DATA LISTING ->
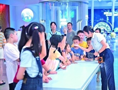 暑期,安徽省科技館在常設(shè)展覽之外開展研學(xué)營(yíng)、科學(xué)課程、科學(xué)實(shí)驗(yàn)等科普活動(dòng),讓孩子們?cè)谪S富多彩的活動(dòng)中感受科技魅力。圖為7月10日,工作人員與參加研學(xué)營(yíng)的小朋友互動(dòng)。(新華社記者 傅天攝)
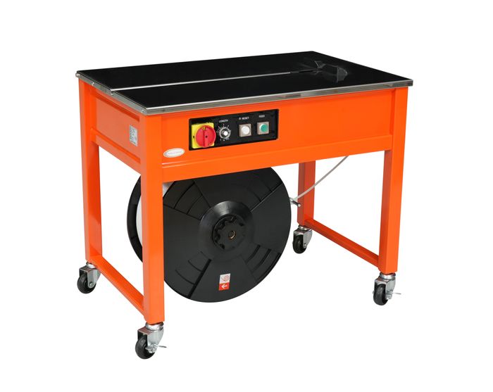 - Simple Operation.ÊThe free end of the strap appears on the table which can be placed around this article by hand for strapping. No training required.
--
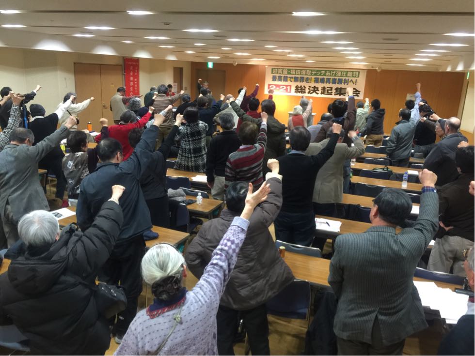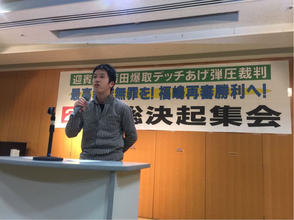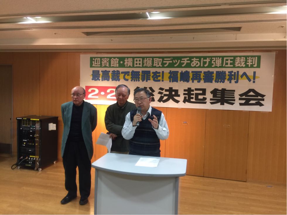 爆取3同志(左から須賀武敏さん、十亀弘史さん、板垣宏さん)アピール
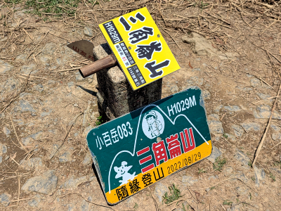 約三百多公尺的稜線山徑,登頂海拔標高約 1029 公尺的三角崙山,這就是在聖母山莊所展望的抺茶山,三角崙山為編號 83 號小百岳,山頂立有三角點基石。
...
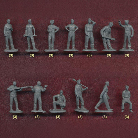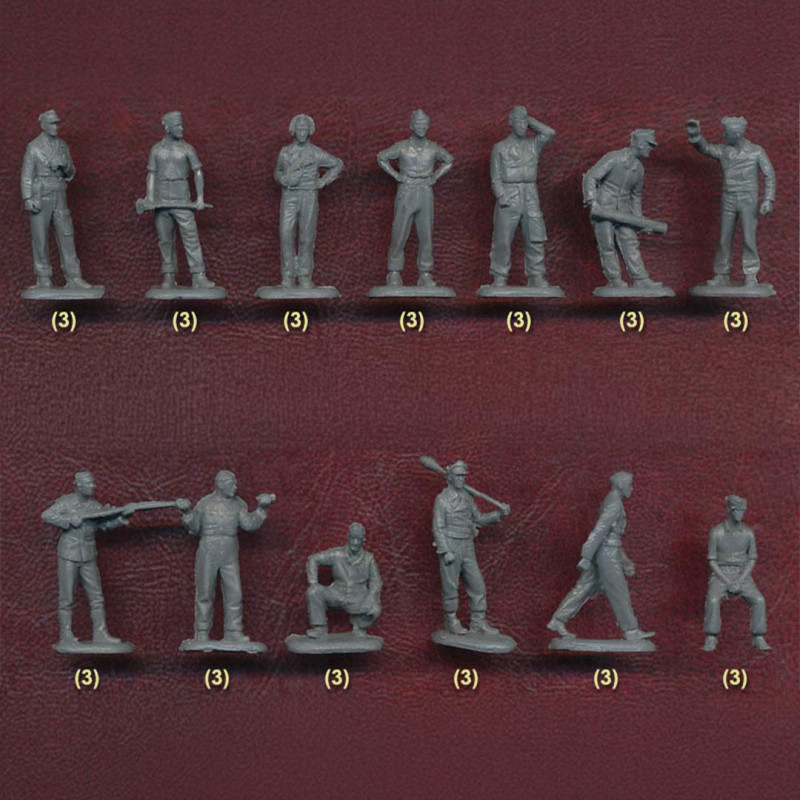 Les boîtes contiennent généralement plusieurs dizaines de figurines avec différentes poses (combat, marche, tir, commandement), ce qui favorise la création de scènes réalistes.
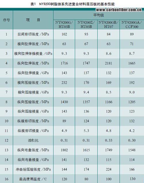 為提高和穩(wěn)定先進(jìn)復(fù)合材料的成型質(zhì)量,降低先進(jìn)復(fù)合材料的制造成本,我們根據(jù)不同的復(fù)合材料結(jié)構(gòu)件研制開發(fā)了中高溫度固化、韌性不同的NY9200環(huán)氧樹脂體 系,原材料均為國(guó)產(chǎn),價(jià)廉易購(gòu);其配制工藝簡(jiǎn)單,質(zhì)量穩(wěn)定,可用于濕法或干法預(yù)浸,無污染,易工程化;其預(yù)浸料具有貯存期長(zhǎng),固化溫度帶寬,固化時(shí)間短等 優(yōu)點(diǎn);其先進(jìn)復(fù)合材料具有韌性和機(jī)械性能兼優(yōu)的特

TASK OBJECTIVE -> With pictures excluded, reproduce exactly the lines above from the one containing "暑期,安徽省科技館在常設(s" down to the one containing "- Simple Operation.ÊThe", those two included.

RESPONSE BOX ->
 暑期,安徽省科技館在常設(shè)展覽之外開展研學(xué)營(yíng)、科學(xué)課程、科學(xué)實(shí)驗(yàn)等科普活動(dòng),讓孩子們?cè)谪S富多彩的活動(dòng)中感受科技魅力。圖為7月10日,工作人員與參加研學(xué)營(yíng)的小朋友互動(dòng)。(新華社記者 傅天攝)
 - Simple Operation.ÊThe free end of the strap appears on the table which can be placed around this article by hand for strapping. No training required.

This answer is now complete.